David McCallum had been doing well appearing in such films A Night to Remember, The Great Escape, and The Greatest Story Ever Told (in which he played the role of the apostle Judas). But it was The Man From U.N.C.L.E. that made the blond actor with the Beatlesque haircut a household name in the mid-'60s.

The show, which debuted in 1964, starred Robert Vaughn as Napoleon Solo, an agent in a secretive, high-tech squad of crime fighters whose initials stood for United Network Command for Law and Enforcement. Despite the Cold War, the agency had an international staff, with McCallum as Illya Kuryakin, Solo's Russian sidekick. The role was relatively small at first, McCallum recalled, adding in a 1998 interview that "I'd never heard of the word ‘sidekick' before." The show drew mixed reviews but eventually caught on, particularly with teenage girls attracted by McCallum's good looks and enigmatic, intellectual character. By 1965, Illya was a full partner to Vaughn's character and both stars were mobbed during personal appearances. The series lasted until 1968. Vaughn and McCallum reunited in 1983 for a nostalgic TV movie, The Return of the Man From U.N.C.L.E., in which the agents were lured out of retirement to save the world once more.

McCallum returned to television in 2003 in another series with an agency known by its initials – CBS' NCIS. He played Dr.
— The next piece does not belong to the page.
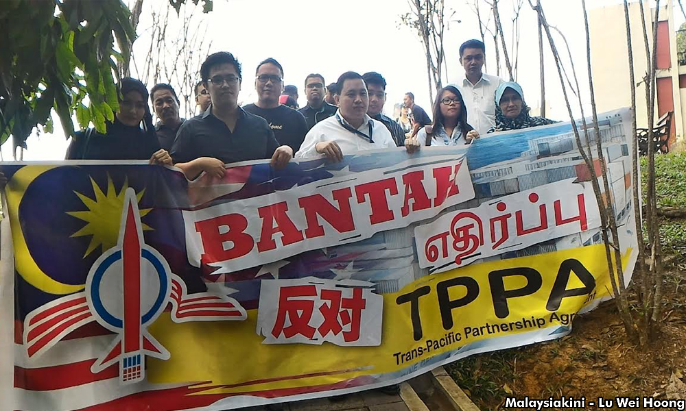 They carry placards with the words "Tolak TPPA" and "TPPA is selling country".

Donald "Ducky" Mallard, a bookish pathologist for the Naval Criminal Investigation Service, an agency handling crimes involving the Navy or the Marines. Mark Harmon played the NCIS boss. McCallum said he thought Ducky, who sported glasses and a bow tie and had an eye for pretty women, "looked a little silly, but it was great fun to do." He took the role seriously, too, spending time in the Los Angeles coroner's office to gain insight into how autopsies are conducted.

McCallum's work with U.N.C.L.E. brought him two Emmy nominations, and he got a third as an educator struggling with alcoholism in a 1969 Hallmark Hall of Fame drama called Teacher, Teacher.